Document Distance: Problem Definition

Problem Definition | Data Sets | Programs: v1 - v2 - v3 - v4 - v5 - v6 | Programs Using Dictionaries

Let D be a text document (e.g. the complete works of William Shakespeare).

A word is a consecutive sequence of alphanumeric characters, such as "Hamlet" or "2007". We'll treat all upper-case letters as if they are lower-case, so that "Hamlet" and "hamlet" are the same word. Words end at a non-alphanumeric character, so "can't" contains two words: "can" and "t".

The word frequency distribution of a document D is a mapping from words w to their frequency count, which we'll denote as D(w).

We can view the frequency distribution D as vector, with one component per possible word.
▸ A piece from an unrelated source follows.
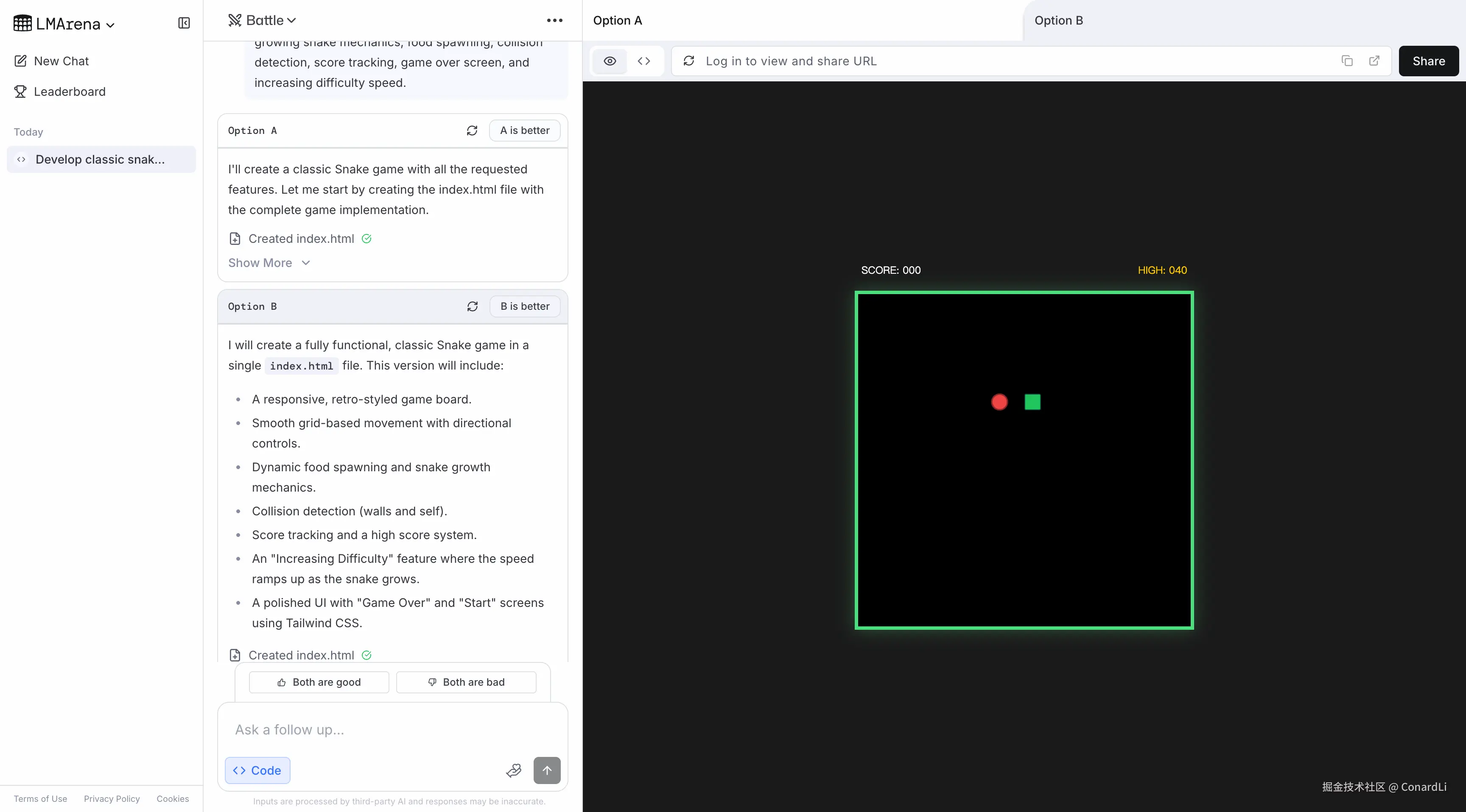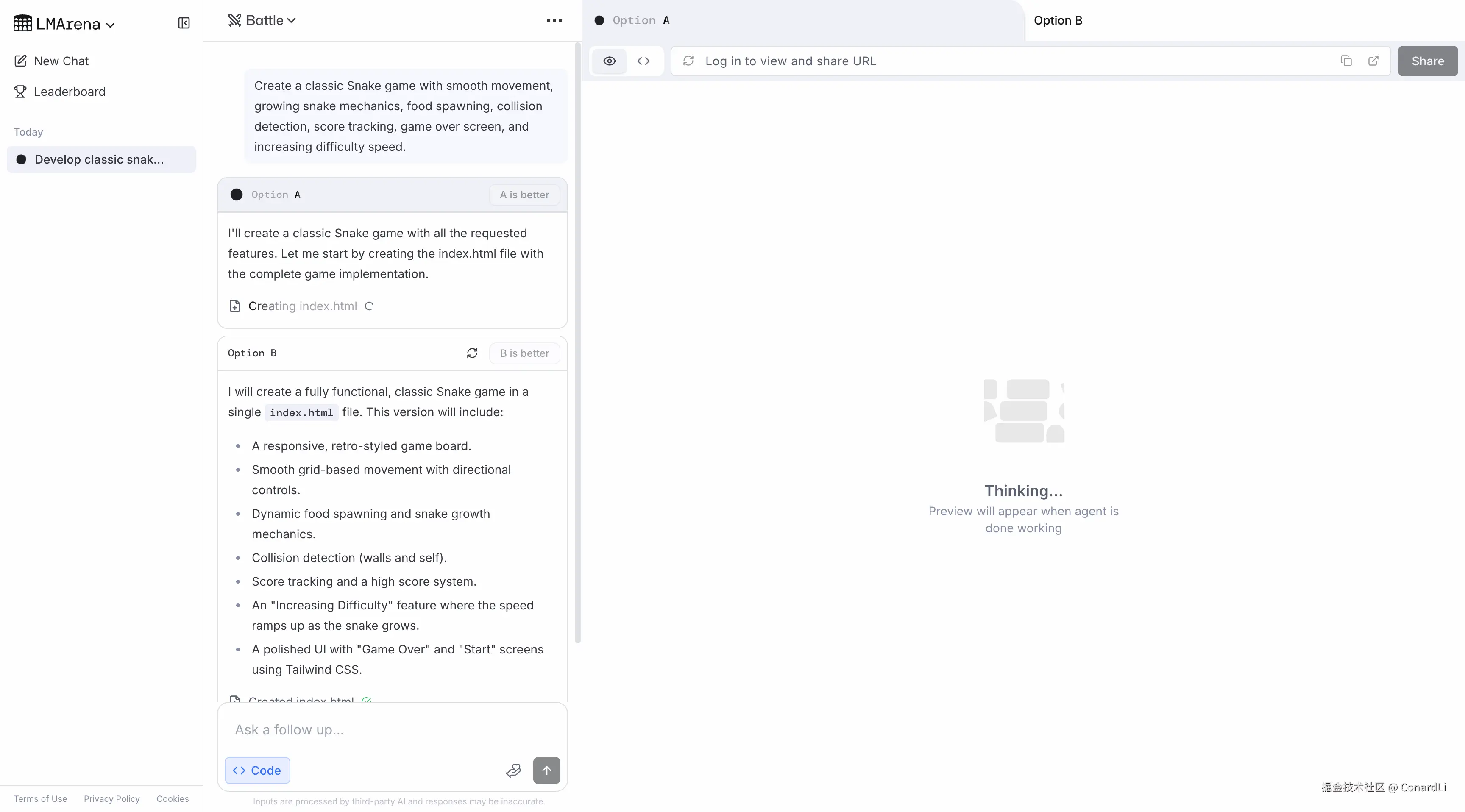 然后系统会随机派两个模型来回答这个问题,此时你完全不知道谁是谁,只显示 A 和 B。

Each component will be a non-negative integer (possibly zero).

The norm of this vector is defined in the usual way:
$N(D) = \sqrt{D\cdot D} = \sqrt{\sum_w D(w)^2}$.

The inner-product between two vectors D and D' is defined as usual.
$D\cdot D' = \sum_w D(w)D'(w)$.

Finally, the angle between two vectors D and D' is defined:
$angle(D,D') = \arccos\left(\frac{D\cdot D'}{N(D)N(D')}\right)$

This angle (in radians) will be a number between 0 and $\pi/2 = 1.57079632\ldots$ since the vectors are non-negative in each component. Clearly,

angle(D,D) = 0.0
for all vectors D, and
angle(D,D') = p / 2
if D and D' have no words in common.

Example: The angle between the documents "To be or not to be" and "Doubt truth to be a liar" is
$\arccos{\left(4/\sqrt{10\cdot 6}\right)} = 1.028 .$

We define the distance between two documents to be the angle between their word frequency vectors.

The document distance problem is thus the problem of computing the distance between two given text documents.

An instance of the document distance problem is the pair of input text documents.